◆ **Requirement**
Go through the listing below and write out exactly the lines from the one that mentions "Сладкая оргия у" through the one that mentions "Bolso Salay Mustang", minus the pictures.

◆ **Supplied records**
=====

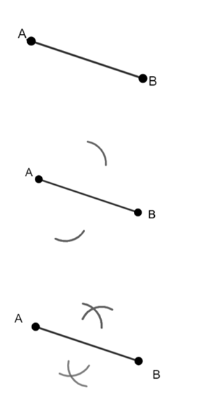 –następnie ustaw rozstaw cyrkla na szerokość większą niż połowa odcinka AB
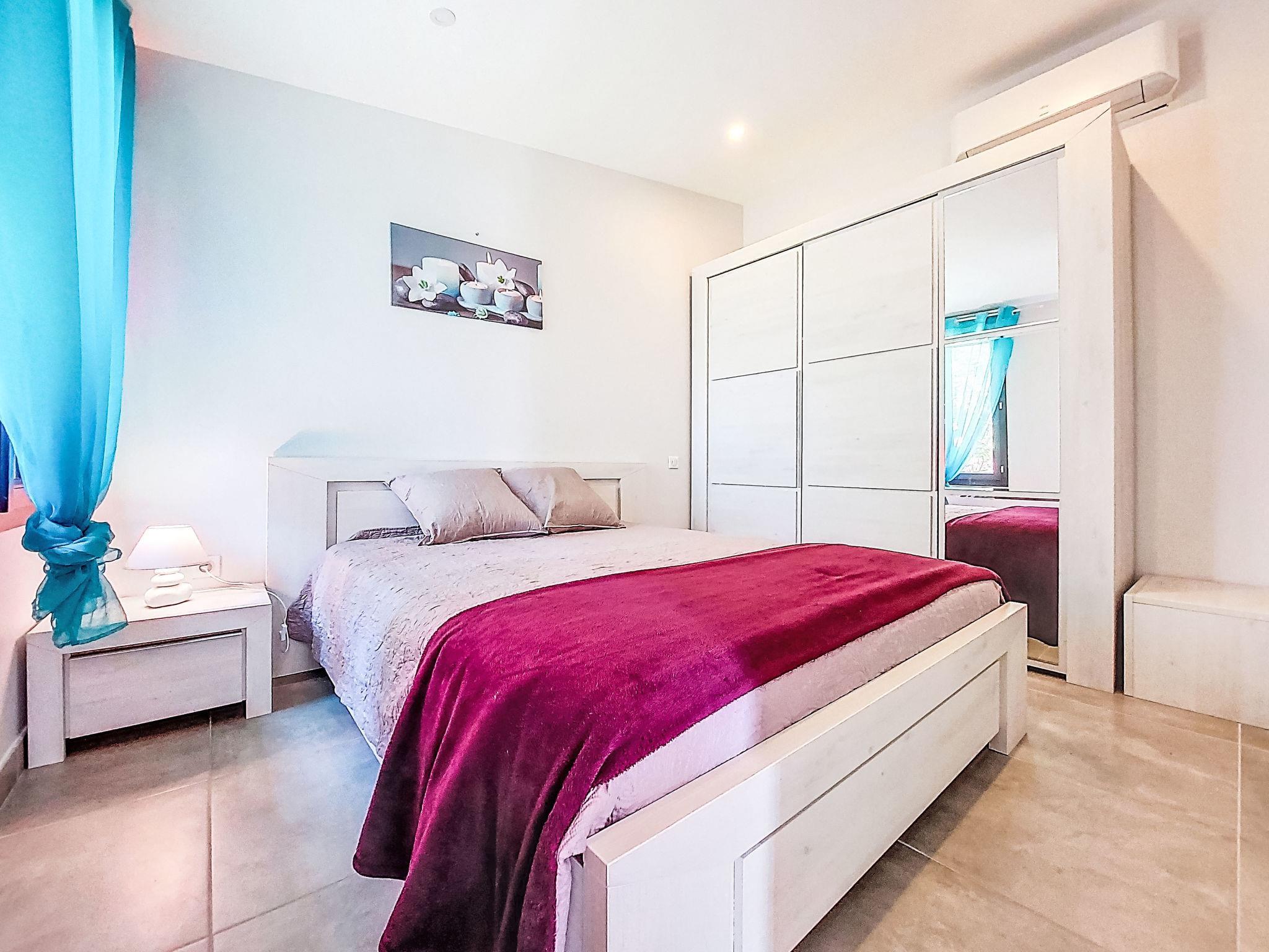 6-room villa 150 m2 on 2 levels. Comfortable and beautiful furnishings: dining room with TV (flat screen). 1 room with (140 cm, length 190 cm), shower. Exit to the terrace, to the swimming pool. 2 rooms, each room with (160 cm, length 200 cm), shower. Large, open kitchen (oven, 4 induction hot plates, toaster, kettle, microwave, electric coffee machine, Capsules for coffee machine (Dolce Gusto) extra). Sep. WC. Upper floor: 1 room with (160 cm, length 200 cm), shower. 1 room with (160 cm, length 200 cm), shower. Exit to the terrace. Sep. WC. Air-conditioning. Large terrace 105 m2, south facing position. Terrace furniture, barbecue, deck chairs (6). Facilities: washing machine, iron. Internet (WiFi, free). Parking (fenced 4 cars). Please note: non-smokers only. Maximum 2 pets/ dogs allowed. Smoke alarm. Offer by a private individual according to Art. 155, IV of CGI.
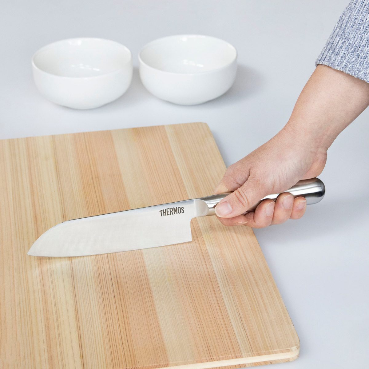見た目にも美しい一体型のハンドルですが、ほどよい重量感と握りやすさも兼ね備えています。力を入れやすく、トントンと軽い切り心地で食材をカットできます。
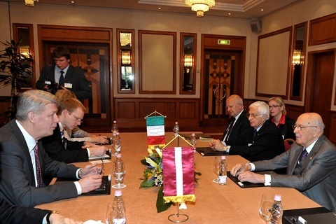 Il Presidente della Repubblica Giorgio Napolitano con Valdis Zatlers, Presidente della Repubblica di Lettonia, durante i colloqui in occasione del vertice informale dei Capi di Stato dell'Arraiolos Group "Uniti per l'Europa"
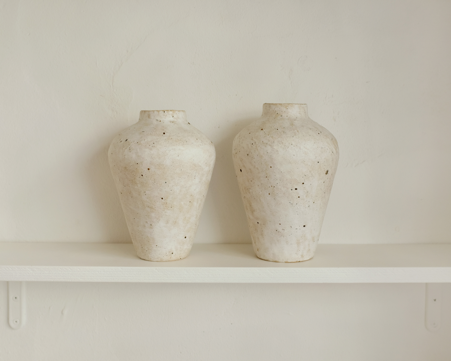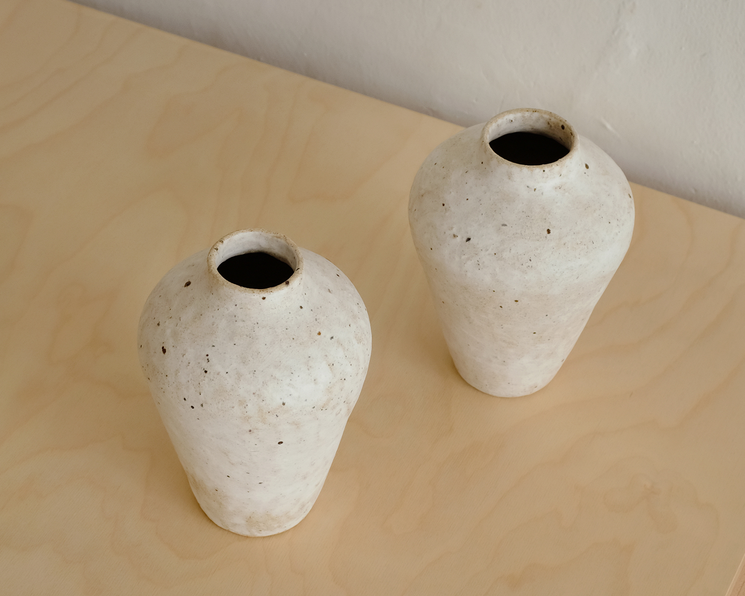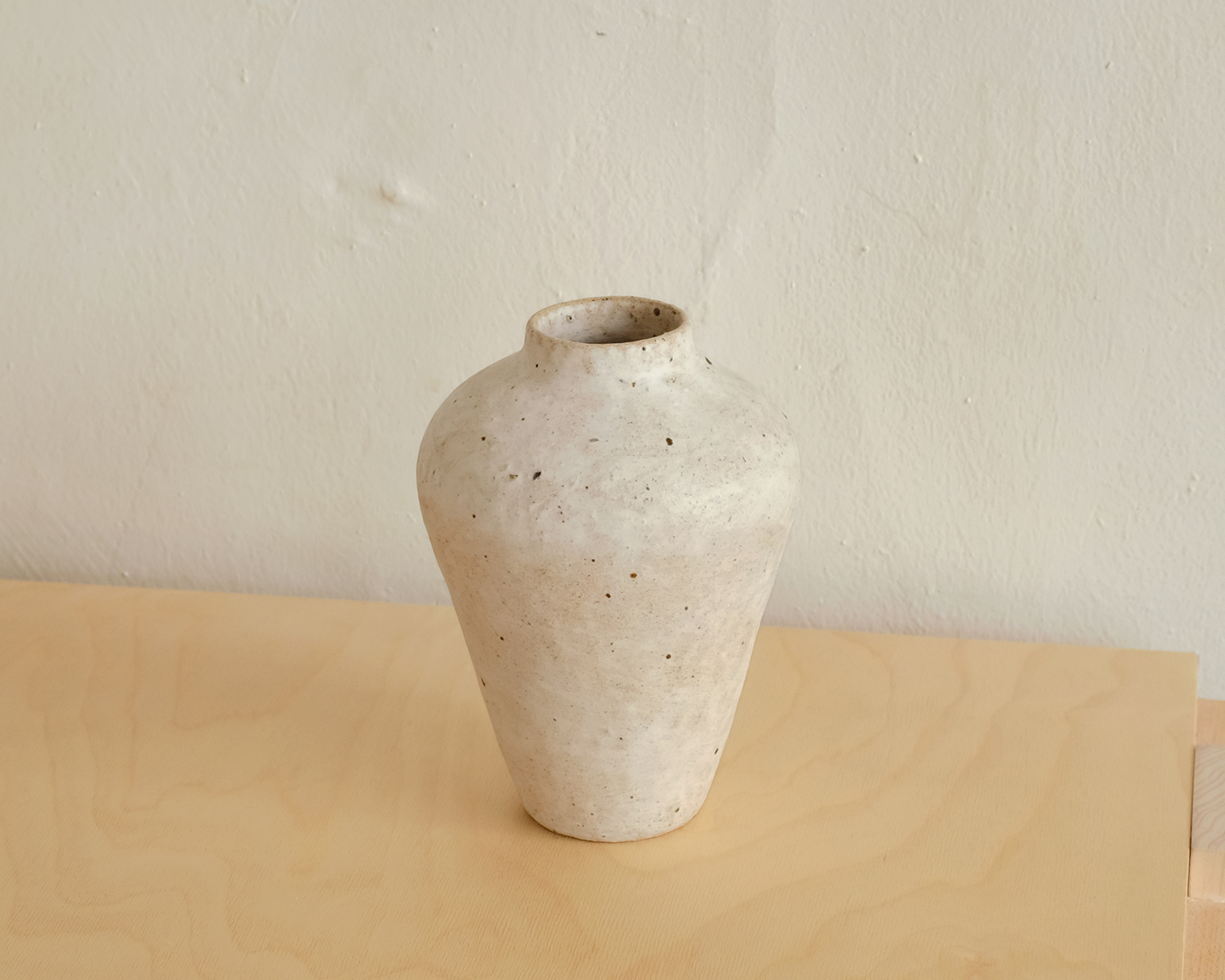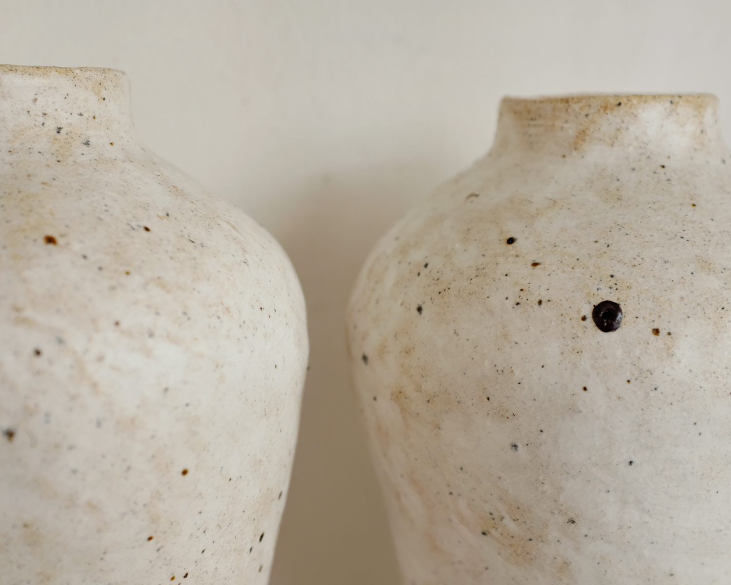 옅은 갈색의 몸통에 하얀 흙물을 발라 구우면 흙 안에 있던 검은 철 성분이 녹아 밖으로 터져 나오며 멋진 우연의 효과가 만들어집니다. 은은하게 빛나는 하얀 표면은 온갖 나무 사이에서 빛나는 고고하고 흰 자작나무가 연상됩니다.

=====

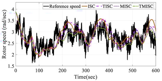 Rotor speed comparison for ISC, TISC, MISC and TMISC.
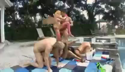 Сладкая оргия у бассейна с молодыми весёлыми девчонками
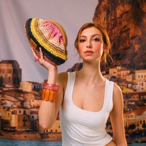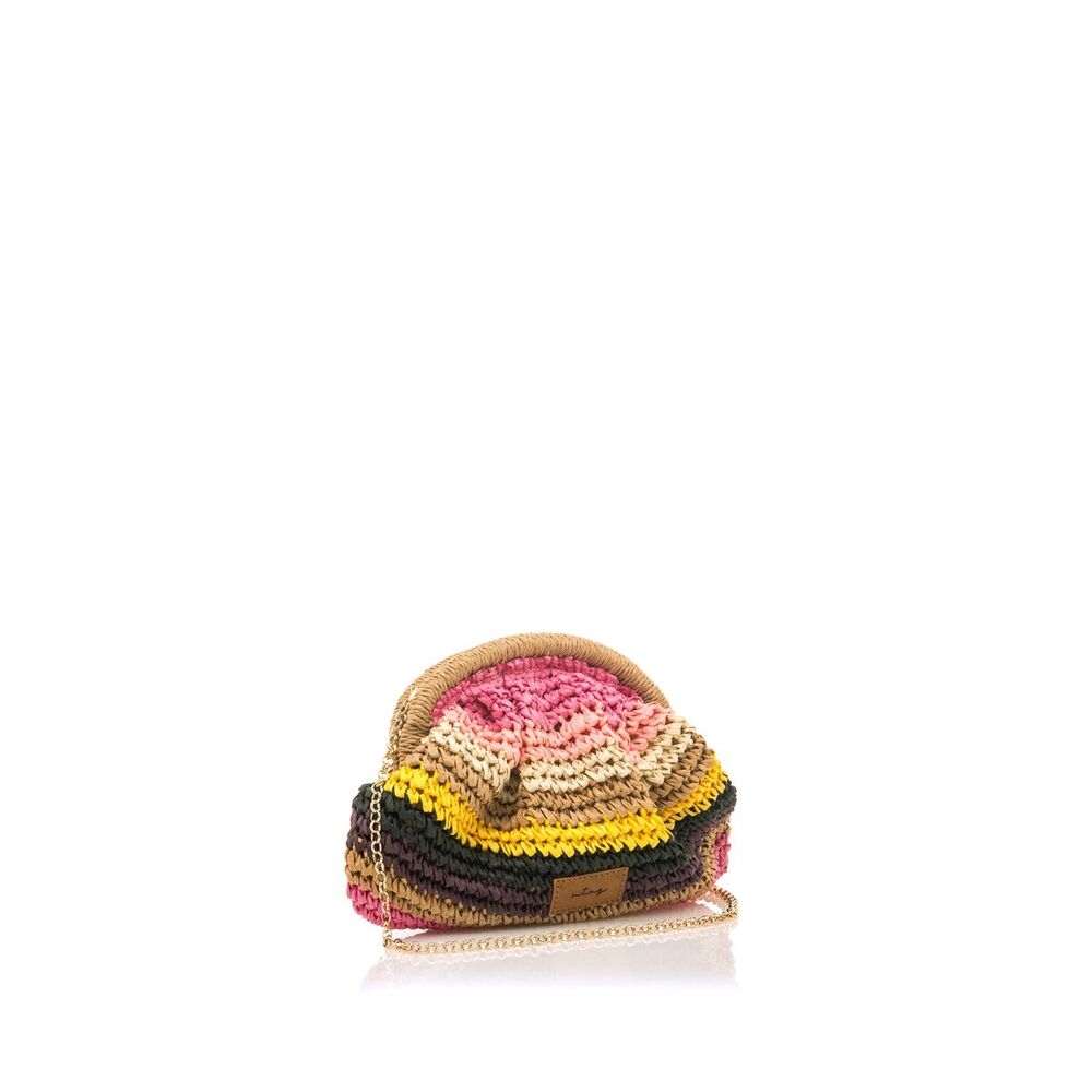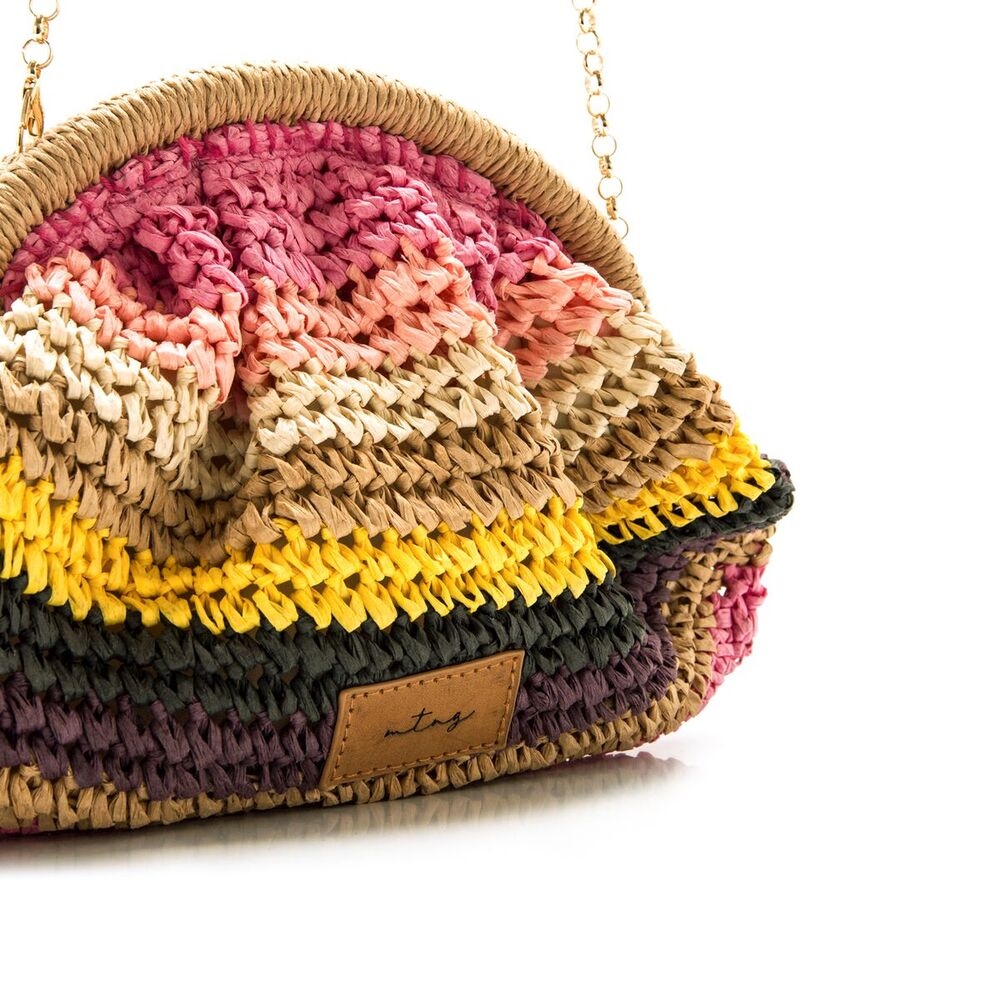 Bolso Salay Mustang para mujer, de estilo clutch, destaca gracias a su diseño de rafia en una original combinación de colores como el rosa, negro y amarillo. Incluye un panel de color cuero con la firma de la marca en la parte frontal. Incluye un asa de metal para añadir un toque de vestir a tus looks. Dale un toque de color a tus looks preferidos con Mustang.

=====

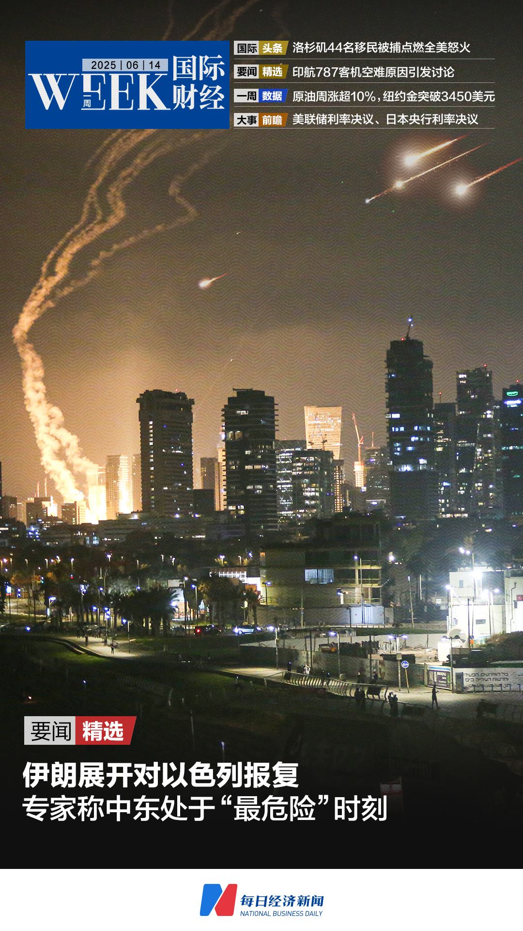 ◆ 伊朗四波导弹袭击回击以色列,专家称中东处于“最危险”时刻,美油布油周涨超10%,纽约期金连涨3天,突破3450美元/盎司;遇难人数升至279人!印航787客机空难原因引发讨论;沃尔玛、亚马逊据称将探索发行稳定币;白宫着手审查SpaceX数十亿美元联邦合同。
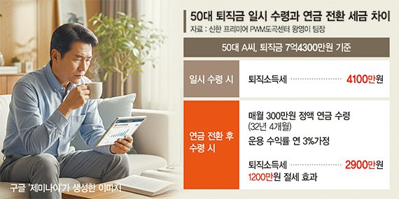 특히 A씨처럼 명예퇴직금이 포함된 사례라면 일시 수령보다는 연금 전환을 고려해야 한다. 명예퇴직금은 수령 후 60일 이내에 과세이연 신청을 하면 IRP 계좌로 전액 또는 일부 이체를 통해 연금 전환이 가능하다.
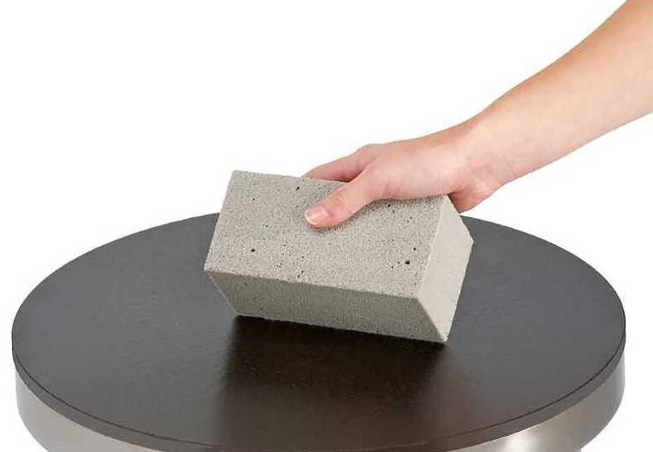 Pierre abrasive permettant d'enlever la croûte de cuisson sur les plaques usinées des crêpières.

=====

◆ **Solution to this exercise**
 Сладкая оргия у бассейна с молодыми весёлыми девчонками
 Bolso Salay Mustang para mujer, de estilo clutch, destaca gracias a su diseño de rafia en una original combinación de colores como el rosa, negro y amarillo. Incluye un panel de color cuero con la firma de la marca en la parte frontal. Incluye un asa de metal para añadir un toque de vestir a tus looks. Dale un toque de color a tus looks preferidos con Mustang.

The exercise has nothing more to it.